- **Exercise directions**
Each line below needs to be returned exactly. Skip any picture.
╭─ Extracted material
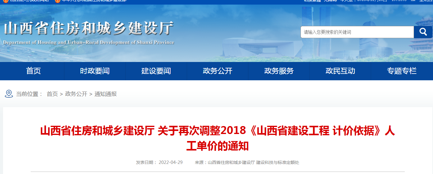 山西省住房和城乡建设厅 关于再次调整2018《山西省建设工程 计价依据》人工单价的通知
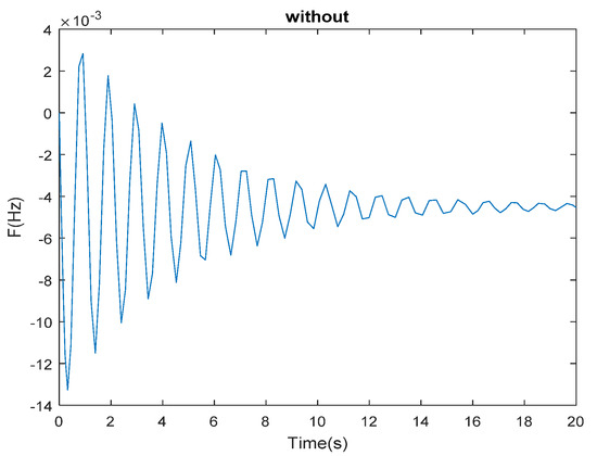 According to Figure 6, without considering the optimization algorithm and PID controller, the fluctuations in this scenario were very severe. Figure 7 shows the results when using PI control. In conventional power systems, secondary frequency control is often performed using classical PI controllers, which are usually set according to predetermined operating points. If the working conditions change, this structure will not provide the desired performance. It uses frequency deviations and perturbation inputs for tuning and is thus able to compensate for the inability of classical controllers to cover complex systems with uncertainties and perturbations. It can be seen that with PI control, it was more stable than the previous state, but the stabilization time in this control was longer.
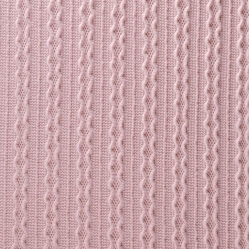 Текстурное вязаное, мягкое, пластичное полотно средней плотности в розовом оттенке. Вязаный узор - стилизованая косичка с полосками расположен по всему полотну. Подойдет для пошива уютного свитера, кардигана, юбки, платья, водолазок, снудов и головных уборов.
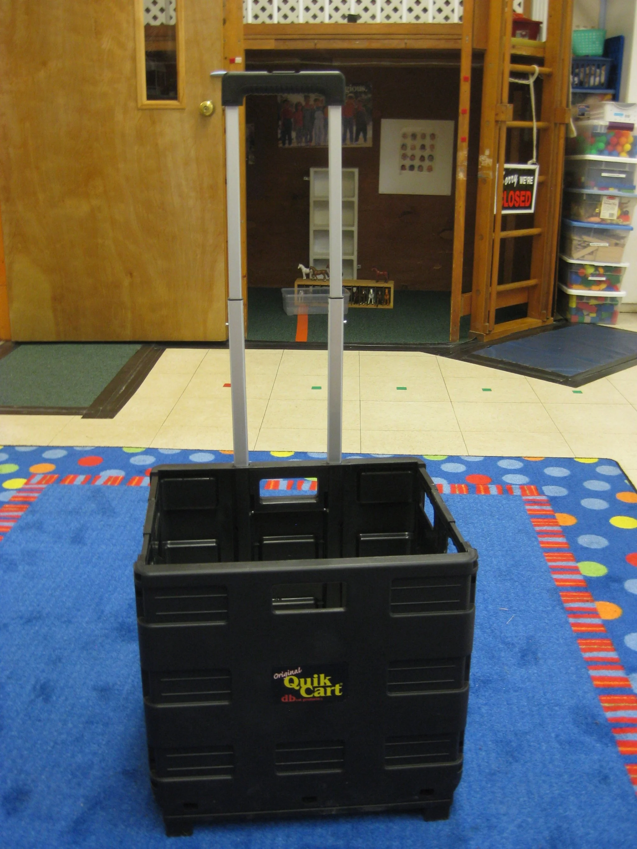This rolling crate has turned out to be one of my best purchases this spring. When I realized that we needed to have the children’s water bottles on the playground, one of the teachers was carrying a bag with 14 bottles. It was much to heavy. Now all the bottles go into this crate and it is easily wheeled in and out of the building. You never know when you make a purchase if it will be ‘life altering’. This crate is one of those things!
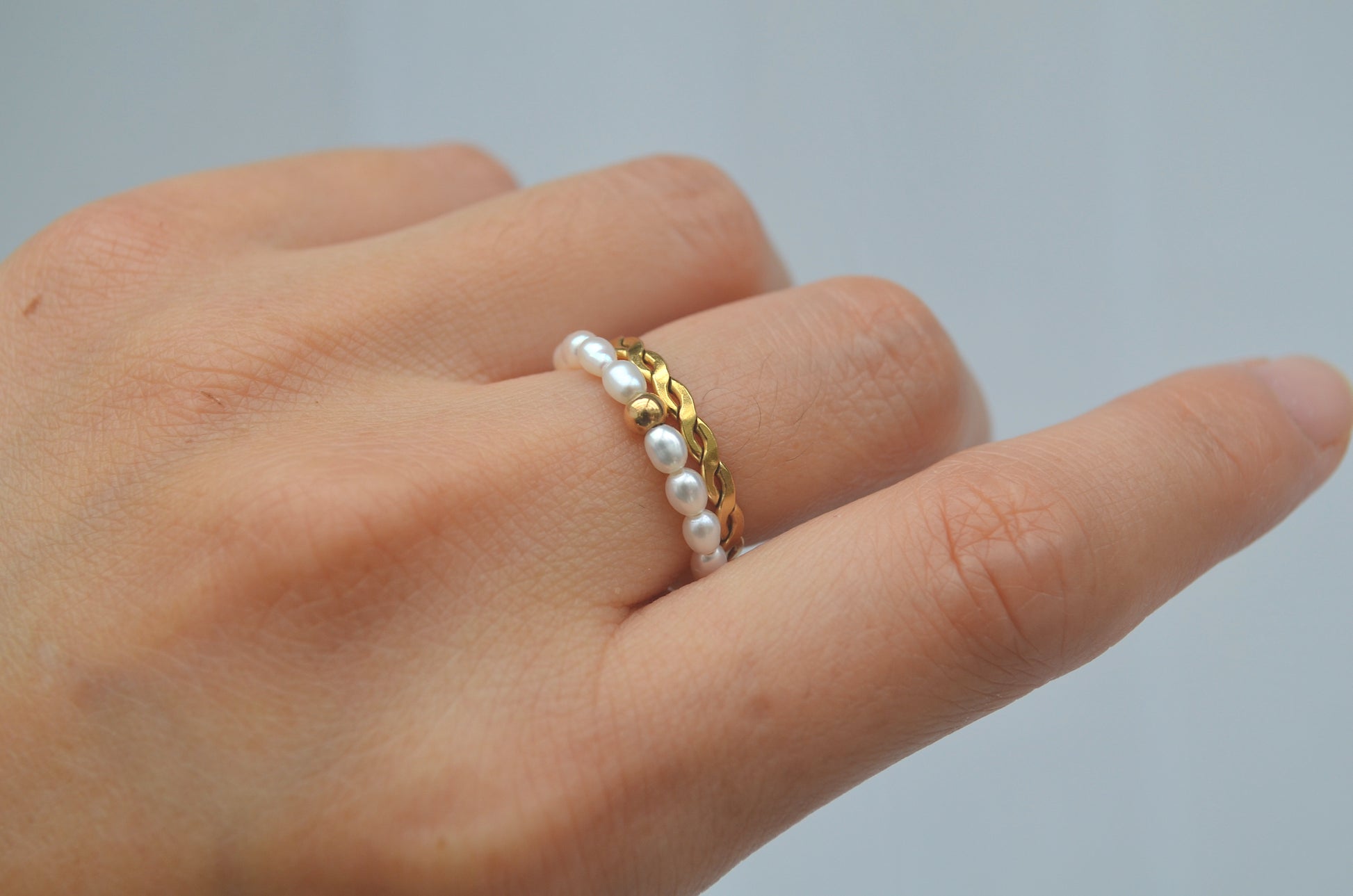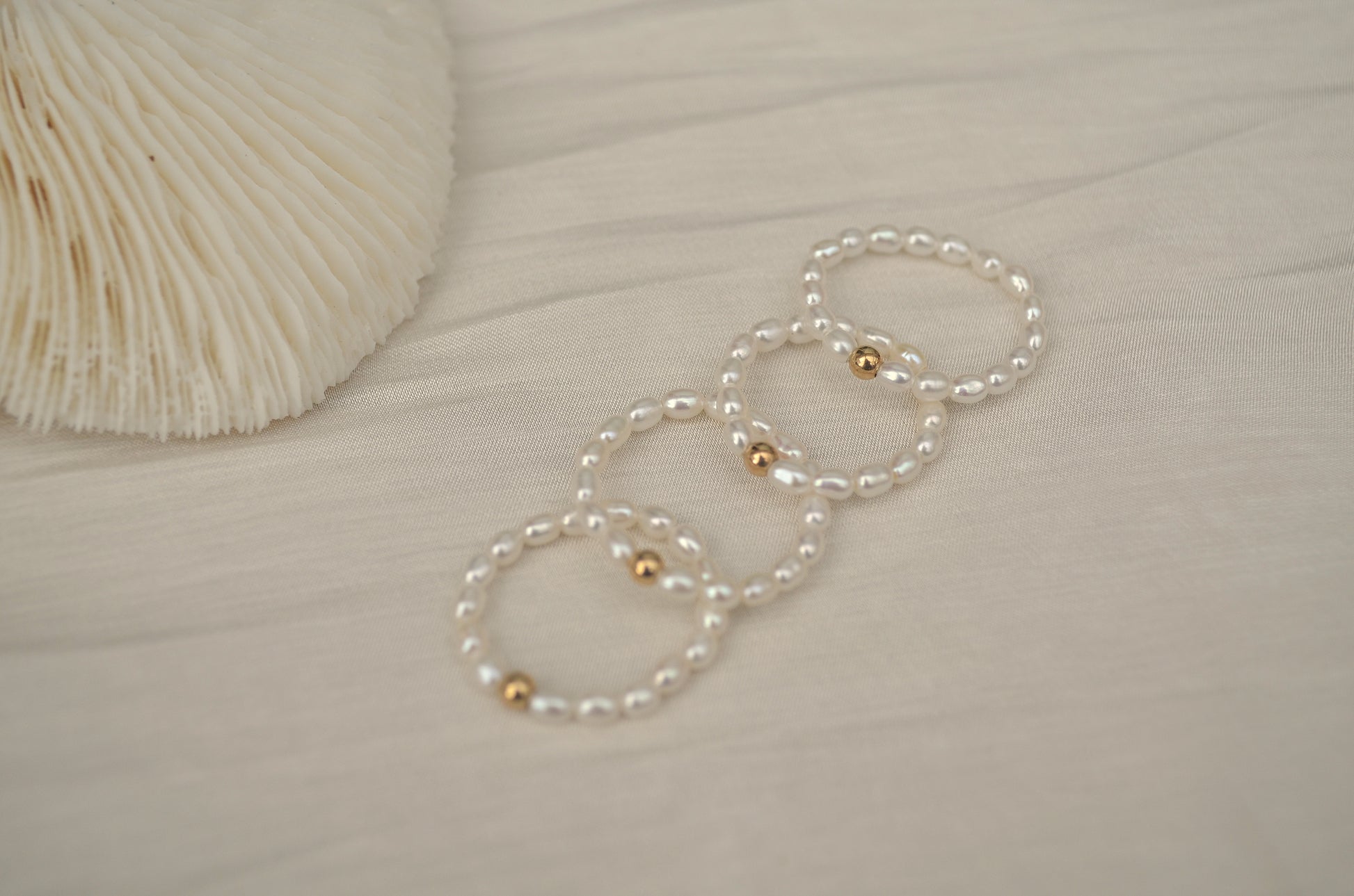 Our Ada pearl ring is handcrafted with freshwater pearls and a 14k gold filled bead. She'll become an essential pearl piece for your everyday ring stack.
╰─
- **Exercise solution**
 山西省住房和城乡建设厅 关于再次调整2018《山西省建设工程 计价依据》人工单价的通知
 According to Figure 6, without considering the optimization algorithm and PID controller, the fluctuations in this scenario were very severe. Figure 7 shows the results when using PI control. In conventional power systems, secondary frequency control is often performed using classical PI controllers, which are usually set according to predetermined operating points. If the working conditions change, this structure will not provide the desired performance. It uses frequency deviations and perturbation inputs for tuning and is thus able to compensate for the inability of classical controllers to cover complex systems with uncertainties and perturbations. It can be seen that with PI control, it was more stable than the previous state, but the stabilization time in this control was longer.
 Текстурное вязаное, мягкое, пластичное полотно средней плотности в розовом оттенке. Вязаный узор - стилизованая косичка с полосками расположен по всему полотну. Подойдет для пошива уютного свитера, кардигана, юбки, платья, водолазок, снудов и головных уборов.
This rolling crate has turned out to be one of my best purchases this spring. When I realized that we needed to have the children’s water bottles on the playground, one of the teachers was carrying a bag with 14 bottles. It was much to heavy. Now all the bottles go into this crate and it is easily wheeled in and out of the building. You never know when you make a purchase if it will be ‘life altering’. This crate is one of those things!
 Our Ada pearl ring is handcrafted with freshwater pearls and a 14k gold filled bead. She'll become an essential pearl piece for your everyday ring stack.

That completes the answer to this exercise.